Patients may not have received any chemotherapy for metastatic prostate cancer
Age greater than or equal to 18 years
ECOG performance status less than or equal to 2
Life expectancy of greater than 3 months
Patients must have adequate organ and marrow munction as defined below:
Leukocytes- greater than or equal to 3,000/microliter
Absolute neutrophil count- greater than or equal to 1,500/microliter
Platelets- greater than or equal to 100,000/microliter
Hemoglobin- greater than or equal to 8.0g/L - transfusions acceptable
Total bilirubin- less than or equal to 1.5 times the institutional upper limits of normal
AST(SGOT) and ALT(SGPT) - less than or equal to 2.5 times the institutional upper limits of normal
Creatinine or Creatinine clearance- less than or equal to 1.5 times the institutional upper limits of normal or greater than or equal to 40 mL/min/1.73 m2 for patients with creatinine levels above institutional normal.
Recovered from any toxicity from surgery or radiotherapy
Must be willing to travel from their home to the NIH for follow-up visits
Able and willing to follow instructions and conform to protocol.
Patients may have had no other active malignancy within the past 2 years with the exception of non-melanoma skin cancer and superficial bladder carcinoma
No history of myocardial infarction within the past 6 months, uncontrolled CHF or uncontrolled angina pectoris
Patients must agree to use adequate contraception (abstinence; hormonal or barrier method of birth control) for the study and at least 2 months after completion.

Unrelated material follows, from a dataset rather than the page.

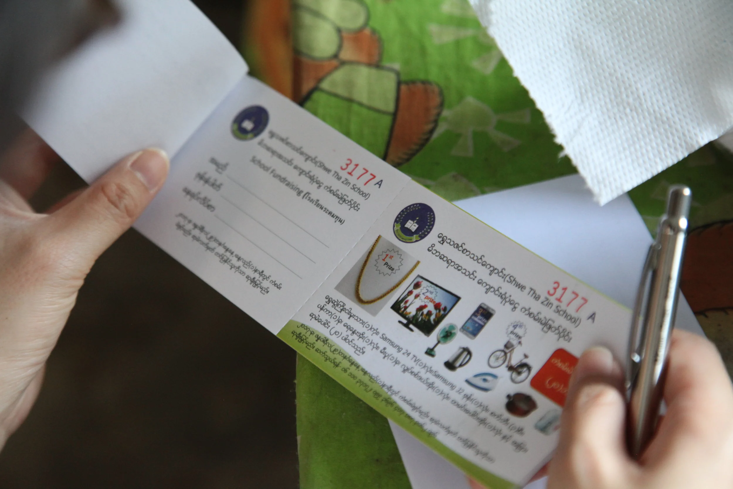 為了增加學校經費來源,讓學校的營運能夠更穩定,老師們發揮創意,開發了「摸彩券」,每張 20 泰銖,由學校委員會與家長會販售給鄰近工廠的工人們,也有許多工人熱心幫忙在工廠販售。銷售額的一半用於採購獎品,幸運者可以抽到電視、熱水瓶等獎品;盈餘則作為學校營運經費,「大家的反應很熱烈、很踴躍支持,雖然募到的金額不大,但我們還是努力做,希望至少能湊足地租的錢。」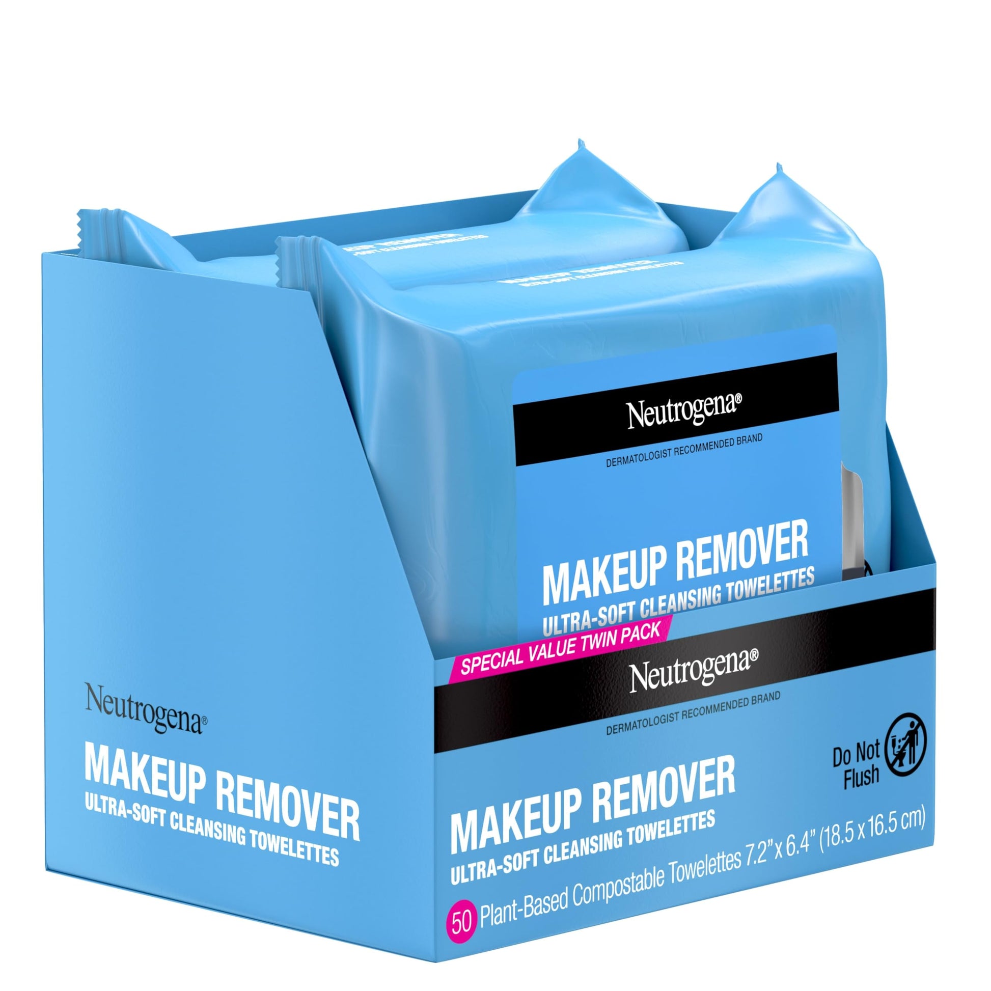 Neutrogena Makeup Remover Wipes, Daily Facial Cleanser Towelettes, Gently Cleanse and Remove Oil & Makeup, Alcohol-Free Makeup Wipes, 2 x 25 ct

Ability to understand and the willingness to sign a written informed consent document.
EXCLUSION CRITERIA
Present clinical signs or symptoms of brain and/or leptomeningeal metastases confirmed by CT or MRI brain scan.
Uncontrolled, intercurrent illness including, but not limited to, ongoing or active infection, symptomatic congestive heart failure (AHA Class II or worse), unstable angina pectoris, cardiac arrhythmia, or psychiatric illness/social situations that would limit compliance with study requirements
Persistent systolic blood pressure greater than or equal to 170 mmHg or diastolic blood pressure greater than or equal to 100 mmHg.
HIV-positive patients receiving combination anti-retroviral therapy are excluded fron the study because of possible pharmacokinetic interactions with docetaxel, bevacizumab, and/or the combination.
Proteinuria, defined as a 24 hour urine protein excretion greater than 300 mg, required to be measured if urine dipstick is 1 +.
Therapeutic anticoagulation with coumadin, heparins, or heparinoids.
Greater than Grade 2 peripheral neuropathy at baseline.
History of transient ischemic attacks (TIA) or cerebrovascular accident (CVA) within the past 2 years.
History of allergic reaction to docetaxel, prednisone, thalidomide and/or bevacizumab or related products.
Patients who are on concurrent investigational agent(s)
Patients who are unable to ingest oral medication.
INCLUSION OF WOMEN AND MINORITIES
Men of all races and ethnic groups are eligible for this trial. Every effort will be made to recruit minorities in this study. Women are ineligible for this study.